Originally published at: http://www.howtogeek.com/187797/dont-be-intimidated-building-your-own-computer-is-easier-than-youd-think/
Building your own computer is actually pretty simple. Don’t be afraid to dive right in — all you’ll need is a screwdriver, patience, and the ability to follow simple instructions.
This is computer gore. If you are a computer, you must be below Windows 95 to read this.
Basically bullshit. You can't 'just snap stuff into slots': Intel CPU won't fit into AMD socket, and even if it did it wouldn't work, and would in worst case break something hard. You can't use old PSUs with newer systems cuz of wrong connectors that won't fit. You can't install AGP cards of different voltages or you'll fry something.
Just few things. Sure, it's not rocket science but if you don't know your shit you'll make shit.
I'm confused by your comment -
Are you referring to my images - an attempt at humor by someone with a basic and serviceable knowledge of computers...
Or are you referring to the article by Chris Hoffman - one of the most well-known and well-regarded writers on the tech websites and blogs ?
Seconding Whitson's article from Lifehacker. I used that solely to build the desktop I'm currently typing this message on. In fact, the whole series of articles is absolutely fantastic for getting started with desktop building! Once I can afford to, I'd love to build another one just because.
Computer geeks would do us all a big favor if they would stop telling people that "it's easy". It's only easy if EVERYTHING goes right. So what's a new builder to do when he assembles everything as you suggest and then finds it won't POST? Right . . . a brick-wall dead-end problem. Go back to the store and be told that for only $80 they will look into it. As other posts here indicate, there are lots of ways to screw it up.
Instead, use Google and try to figure out what part is broken. Then get that part replaced - for free.

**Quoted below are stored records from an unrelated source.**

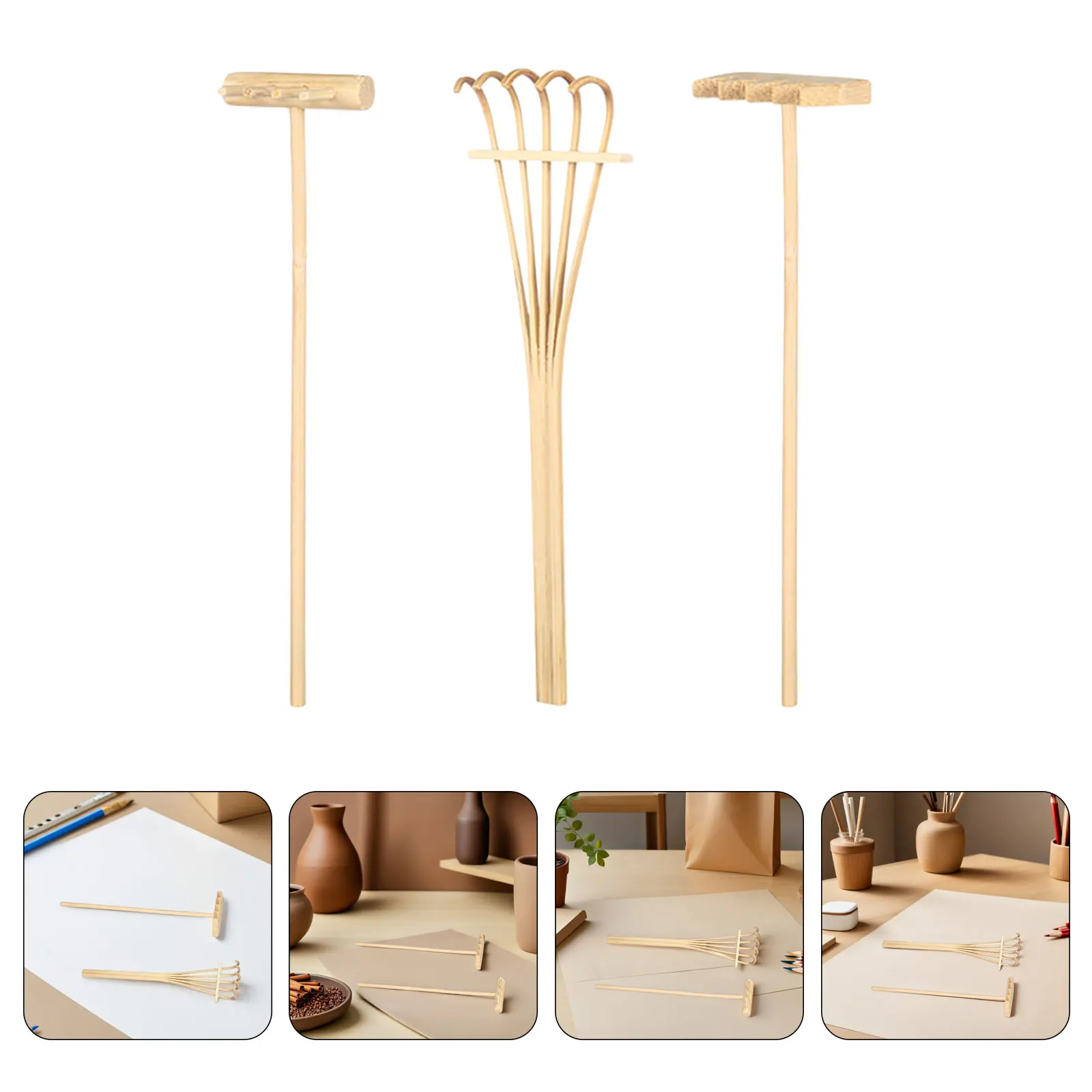 12 stks Houten Mini Hark Set Voor Diy Zand Tuin Decoratieve Gereedschappen Meditatie Tafel Accessoires Bamboe Ambachtelijke Harken Zandbak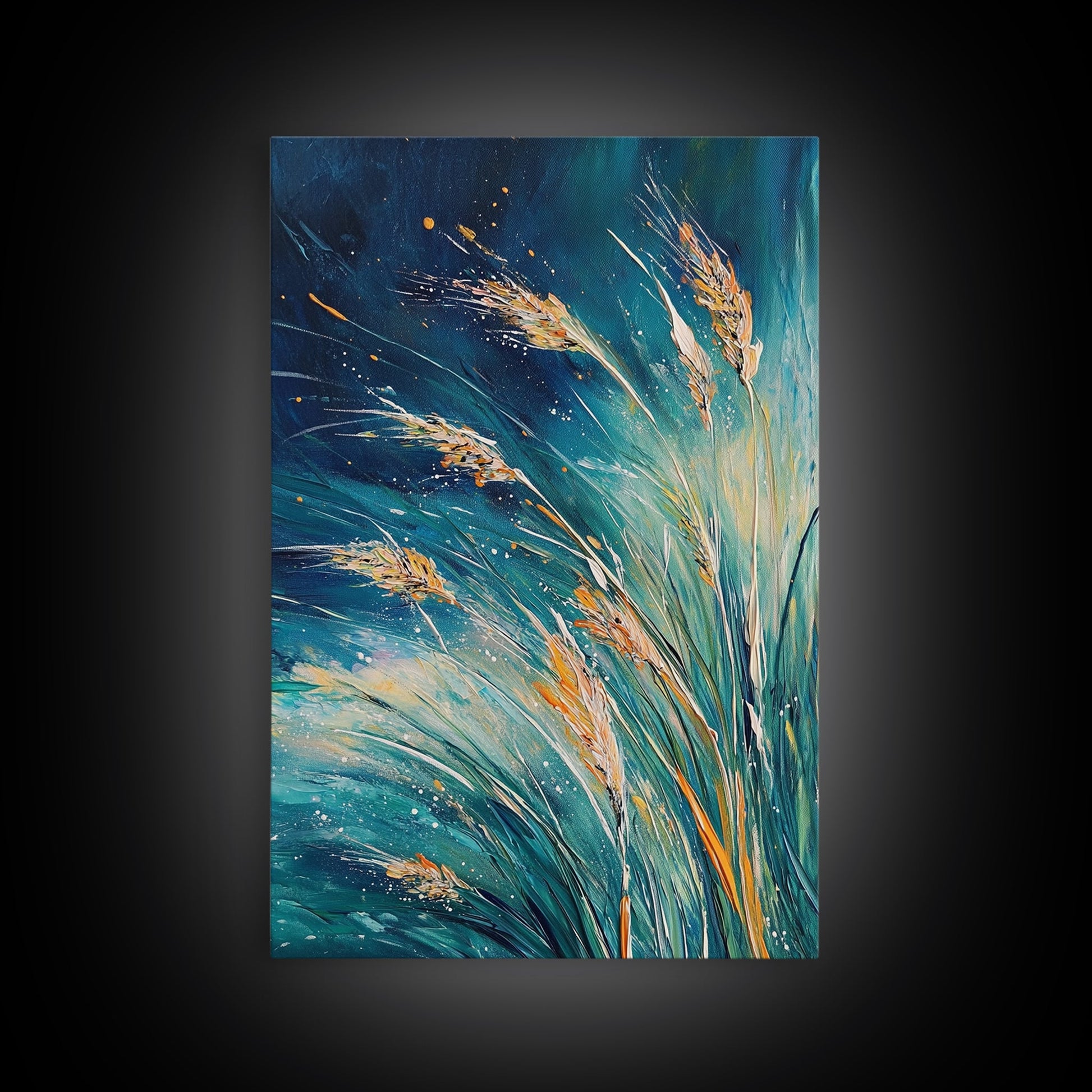 Wheat Fields Framed Canvas Print Rustic Farmhouse Wall Art, Deep Blue Abstract Painting, Autumn Home Decor, Cozy Country Living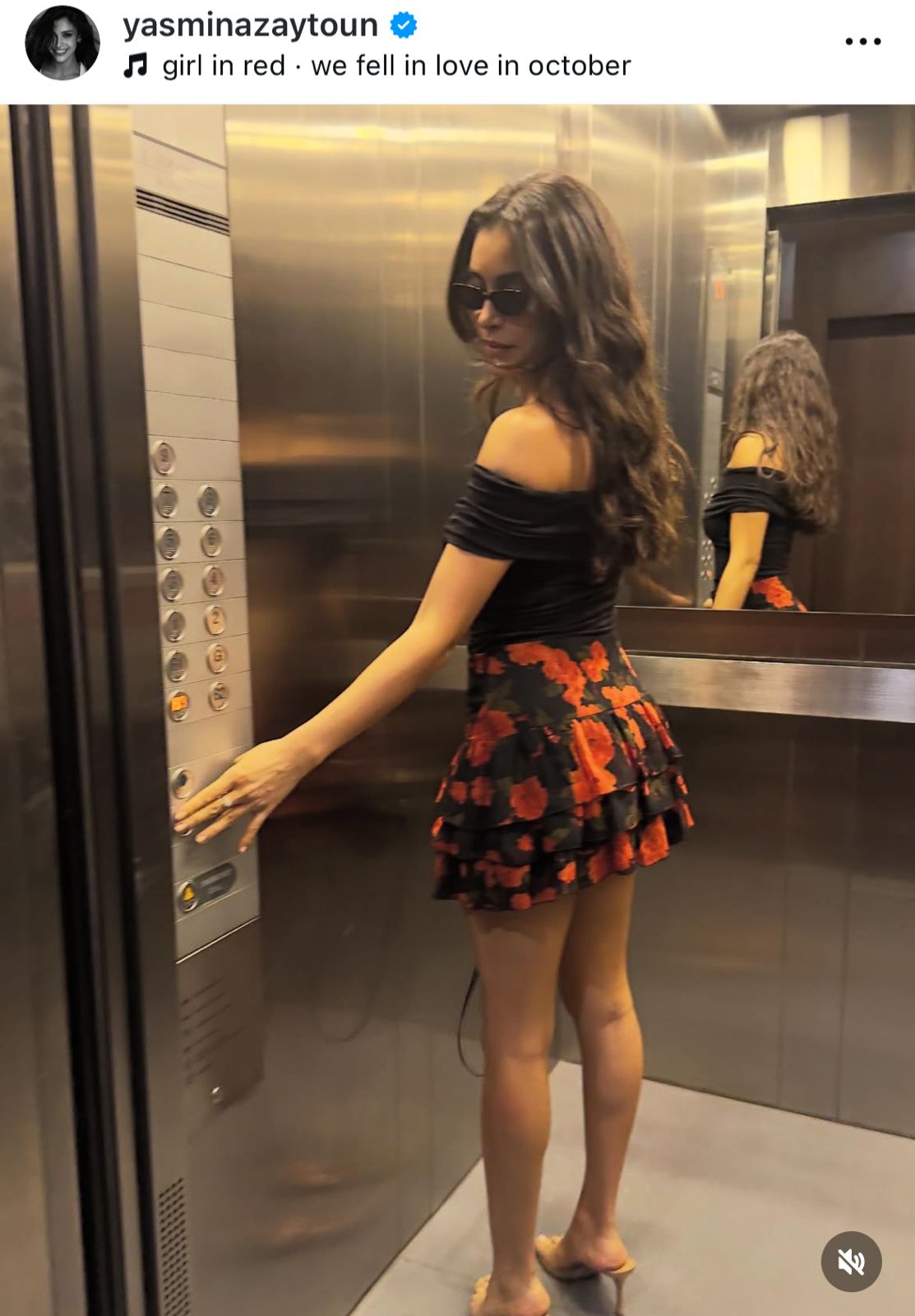 صورة جديدة على حسابها الرسمي في إنستغرام، تظهر فيها بإطلالة أنيقة داخل مصعد، مرتدية "بلوزة" سوداء مكشوفة الكتفين وتنورة قصيرة متعددة الطبقات ذات نقوش زهرية باللونين الأحمر والأسود. وأكملت اللوك بنظارات شمسية عصرية، مما أضفى عليها لمسة من الجرأة والأناقة.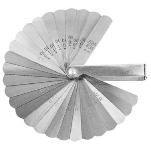• Feeler Gauge contains twenty-six 3'' x 1/2'' blades with thicknesses: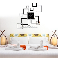 - Living Room Wall Clock Creative Clock Acrylic DIY Mirror Wall Stickers Decorative Black Silver Square DIY Clock

Using Google and following instructions is a basic skill. But if you can't/don't want to do that, well, yes, then you don't want to build a computer yourself.
The article intentionally makes it sound exactly that building a PC computer is as easy as placing parts in, like building Lego shit. That's what is bullshit. I know the guy knows his shit, I read his past articles and have learnt, but by writing that article an implication arises that he doesn't. That's odd.
I always like to purchase my parts from a local computer store if possible and have them mount the CPU and cooling fan to the board to save me the hassle. I can do it myself, but I cringe about having to install one of these flat-pinned CPUs. Too easy to mess things up.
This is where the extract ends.